Deinacrida elegans is a species of wētā in family Anostostomatidae. It is endemic to New Zealand.

Description
Deinacrida elegans is a species of wētā, one of New Zealand’s largest terrestrial invertebrates. The genus Deinacrida comprises a diverse group of 11 species of wētā, with D. elegans being one of the seven species that lives in the South Island. Their size and description can be associated with their slow life history and speciation.  This particular species is moderately large but is outstanding in colour patterns and is unique to the rocky bluffs on the eastern side of the Southern Alps.
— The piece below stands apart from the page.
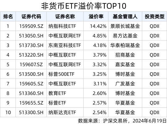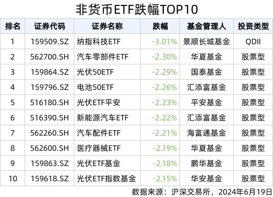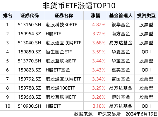 ETF英雄汇(2024年6月19日):港股科技30ETF(513160.SH)领涨、纳指科技ETF(159509.SZ)溢价明显
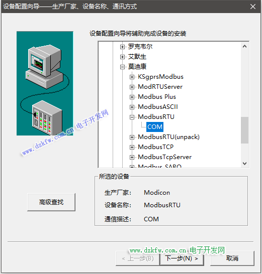 點擊下一步后選擇對應的端口號,在上一節中我將PLC的MODBUS地址設為1,組態王的通信設備地址也設置為1,否則將無法正常通信。

D. elegans has a handsome appearance, hence the Latin name elegans, meaning neat and elegant. This species of wētā is moderately large, long-legged and steel grey with distinctive red, black and white banded femora. The male D. elegans weighs 80g, with the considerably larger female weighing between 114-165g.  D. elegans has a brown, mirror-patterned thorax with smooth, rounded, pale grey edges. Black antenna, 2.5 times the total body length, extrude from the striped greyish brown head capsule.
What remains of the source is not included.